Photonic chips will rapidly outpace the snail-brained humans
24-01-2018 | By Paul Whytock
Global data communications is running into a big problem. As modern living and ever-expanding commercialism puts immense pressures on data communication capacity and speed, so existing technologies are rapidly falling short of what the future needs.
The question is will photonics technologies save the day? Fortunately there is currently enormous interest and investment in moving silicon-based photonics forward and some of the latest breakthroughs suggest it could be a game-changer.
Take for example work by researchers from Oxford, Münster and Exeter Universities that has developed photonic computer chips that imitate the way the human brain's synapses (the mechanism that permits a neuron to pass an electrical or chemical signal to another neuron) works. Interestingly, the photonic computer chips synapses works a thousand times faster than those of the human brain.
This breakthrough is not mere electronic gizmo-ism of an academic nature. This is important because current computer design is actually fairly slow and merely boosting existing technologies to speed things up consumes increasing amounts of power.
It is well recognised that copper cabling is stifling data centre operations and hindering high-speed computing because of its slow data transfer capability.
What silicon photonics could end up providing is increased bandwidth in servers, faster data transfer speeds and efficient system designs.
Basically, silicon photonics facilitates data transfer between computer chips using laser light via optical fibre of nano dimensions that is manufactured within the actual silicon chip.The silicon is patterned into micro-photonic components. These operate in the infrared spectrum which is used by the majority of optical telecoms systems. The silicon typically lies on top of a layer of silica in what is known as silicon on insulator.
To give you a real-world example of what such a development with a transfer capability of 50G/sec could do, it would be able to transfer the file of high-definition feature length film in under a second.
But also true of the real world is the fact that even highly innovative and advantageous technological breakthroughs have to be price competitive.
This is not necessary a particularly difficult hoop for silicon photonics to jump through as chips using the technology can be made from standard 300mm wafers using existing complementary metal oxide semiconductor (CMOS) fabrication processes.Given all these facts it’s not surprising that industry analysts are saying that the global expenditure on silicon photonics is set to rocket.
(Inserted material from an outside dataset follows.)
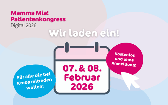 Haben Sie etwas vom Mamma Mia! Patientenkongress DIGITAL 2025 verpasst? Alle Gesprächsrunden und Seminare jetzt ansehen.
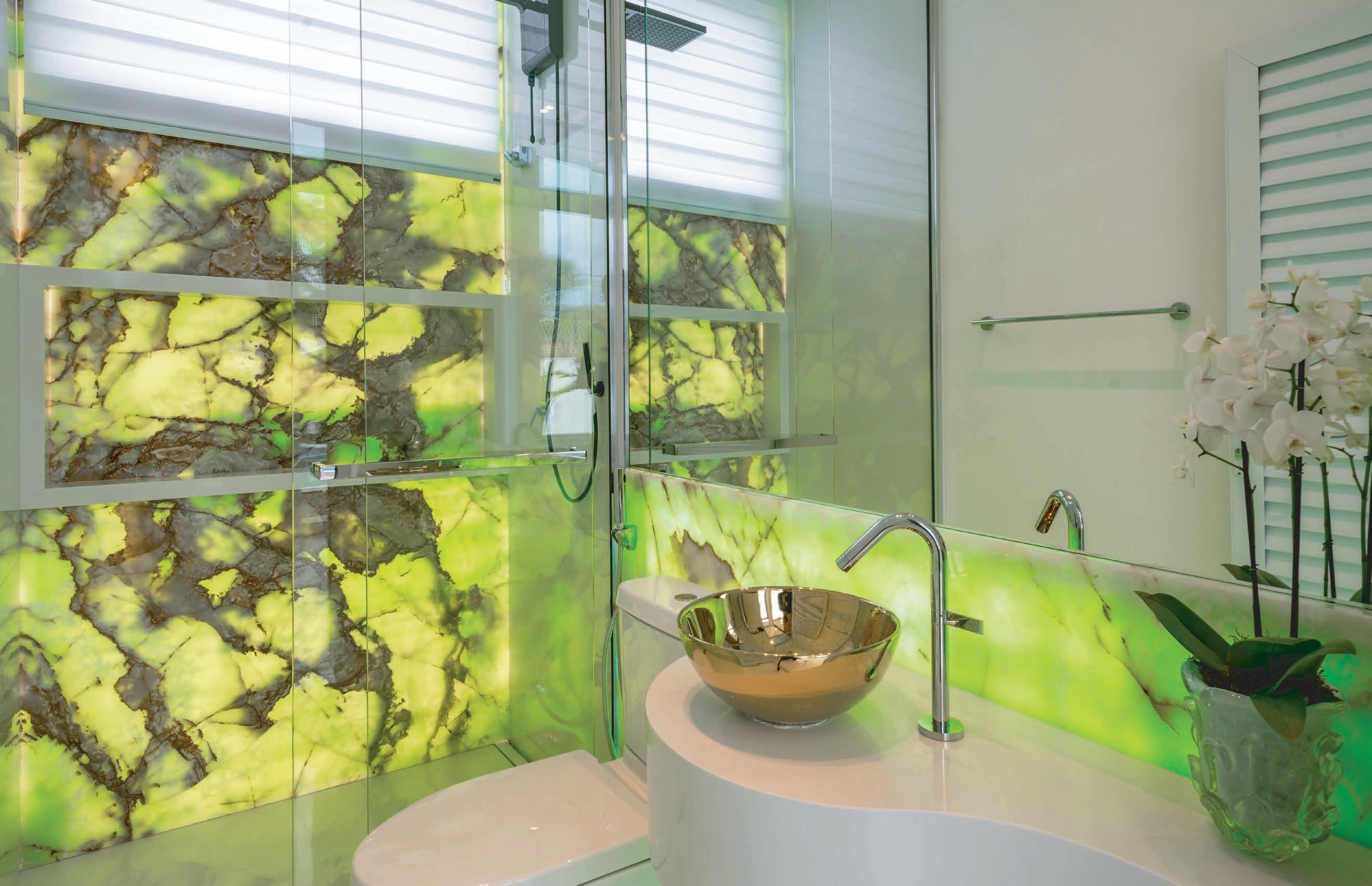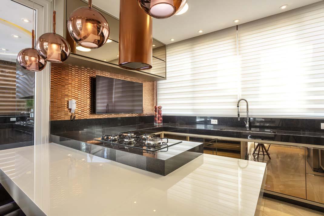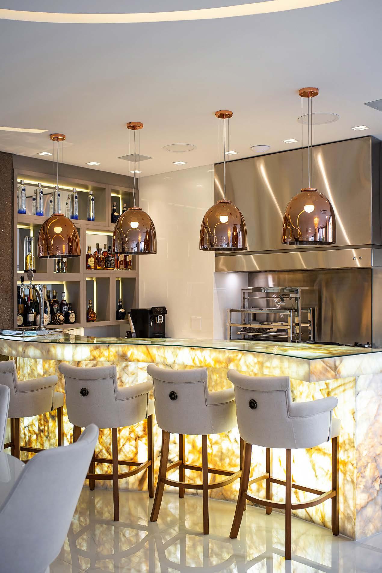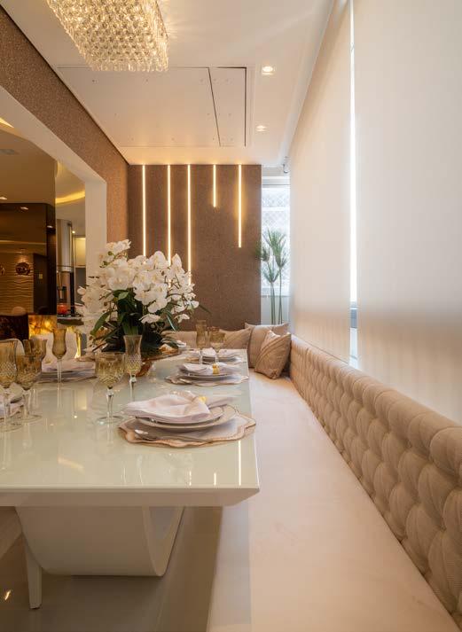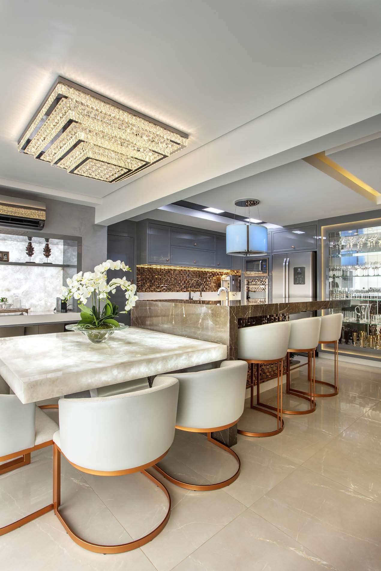 A cozinha é toda branca, composta pela torre quente, cristaleira, bancada de cocção e área molhada. Uma pedra azul iluminada reveste a mesa de refeição e a parede lateral da cozinha, que recebeu uma TV.

Estimates vary but back in 2015 the world market for silicon photonics was reckoned to be about $500 million. Today that market is expected to grow by an impressive 22% annually.
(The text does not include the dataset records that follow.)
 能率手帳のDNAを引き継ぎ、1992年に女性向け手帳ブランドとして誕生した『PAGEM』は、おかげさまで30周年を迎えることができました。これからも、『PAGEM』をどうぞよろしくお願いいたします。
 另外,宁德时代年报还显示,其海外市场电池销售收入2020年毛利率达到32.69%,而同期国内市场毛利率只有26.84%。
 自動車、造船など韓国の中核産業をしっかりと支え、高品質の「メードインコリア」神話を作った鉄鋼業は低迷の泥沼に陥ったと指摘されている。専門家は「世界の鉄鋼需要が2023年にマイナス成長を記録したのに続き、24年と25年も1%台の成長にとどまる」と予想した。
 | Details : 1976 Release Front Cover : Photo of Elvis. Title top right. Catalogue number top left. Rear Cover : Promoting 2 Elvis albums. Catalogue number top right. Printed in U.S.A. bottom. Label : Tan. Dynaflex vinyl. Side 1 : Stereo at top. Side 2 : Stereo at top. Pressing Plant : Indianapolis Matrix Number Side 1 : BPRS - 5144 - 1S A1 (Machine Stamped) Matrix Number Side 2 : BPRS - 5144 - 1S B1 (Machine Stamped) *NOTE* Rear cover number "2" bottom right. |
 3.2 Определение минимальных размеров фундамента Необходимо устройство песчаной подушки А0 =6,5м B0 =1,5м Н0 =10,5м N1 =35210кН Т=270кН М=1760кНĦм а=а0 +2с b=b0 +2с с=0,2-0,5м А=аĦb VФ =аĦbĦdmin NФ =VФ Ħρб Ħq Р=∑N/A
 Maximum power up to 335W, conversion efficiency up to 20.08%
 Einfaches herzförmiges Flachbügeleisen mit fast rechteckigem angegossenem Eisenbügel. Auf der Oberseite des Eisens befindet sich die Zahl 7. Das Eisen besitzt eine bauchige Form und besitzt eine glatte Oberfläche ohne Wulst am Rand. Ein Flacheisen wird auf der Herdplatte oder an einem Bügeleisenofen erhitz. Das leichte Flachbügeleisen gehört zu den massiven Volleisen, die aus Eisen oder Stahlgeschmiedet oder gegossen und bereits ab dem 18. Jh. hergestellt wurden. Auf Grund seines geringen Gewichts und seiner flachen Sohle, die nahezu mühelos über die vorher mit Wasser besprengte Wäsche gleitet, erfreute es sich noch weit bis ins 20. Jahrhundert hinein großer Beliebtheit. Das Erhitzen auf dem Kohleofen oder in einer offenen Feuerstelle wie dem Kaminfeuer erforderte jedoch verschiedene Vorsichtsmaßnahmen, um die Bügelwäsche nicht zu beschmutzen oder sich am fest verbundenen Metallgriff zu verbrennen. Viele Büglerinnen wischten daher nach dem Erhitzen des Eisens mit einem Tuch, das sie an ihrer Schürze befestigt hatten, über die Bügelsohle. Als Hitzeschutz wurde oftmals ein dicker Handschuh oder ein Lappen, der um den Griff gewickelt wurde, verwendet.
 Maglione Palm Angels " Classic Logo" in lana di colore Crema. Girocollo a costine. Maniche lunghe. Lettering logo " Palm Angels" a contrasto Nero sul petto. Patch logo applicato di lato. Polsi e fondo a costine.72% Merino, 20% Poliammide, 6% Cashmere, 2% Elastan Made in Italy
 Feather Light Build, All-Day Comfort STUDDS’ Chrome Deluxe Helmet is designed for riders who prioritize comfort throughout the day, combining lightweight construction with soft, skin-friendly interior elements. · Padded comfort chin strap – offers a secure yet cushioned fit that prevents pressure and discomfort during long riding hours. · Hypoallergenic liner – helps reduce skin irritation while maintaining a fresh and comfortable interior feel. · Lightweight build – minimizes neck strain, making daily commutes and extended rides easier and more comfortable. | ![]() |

Making a substantial contribution to that growth pattern are optical transceivers and today the silicon photonics market is dominated by the USA and Europe which hold 70% of the total global market share. But that could be set to change because Chinese data centre operations are rapidly growing. It currently has around 650 million Internet users and three big companies establishing their own fibre networks. Predictions are that three huge data centres will be implemented there this year.
So the data rates race is well and truly on with 100G/sec already in reach. However, in the long term the target will be 400G/sec.
It is reasonable to say that silicon photonics is still in its infancy and despite the very buoyant market predictions from a sales perspective there are problems to overcome. Adhering to the different communications standards and dealing with heat issues are prime amongst these, as is possible under-funding and slow development of telecommunications infrastructures.
But nevertheless such problems should be surmountable for the human brain, particularly as it has already shown it is capable of developing something that thinks 1000 times faster that itself. Who said AI is just a fairy tale?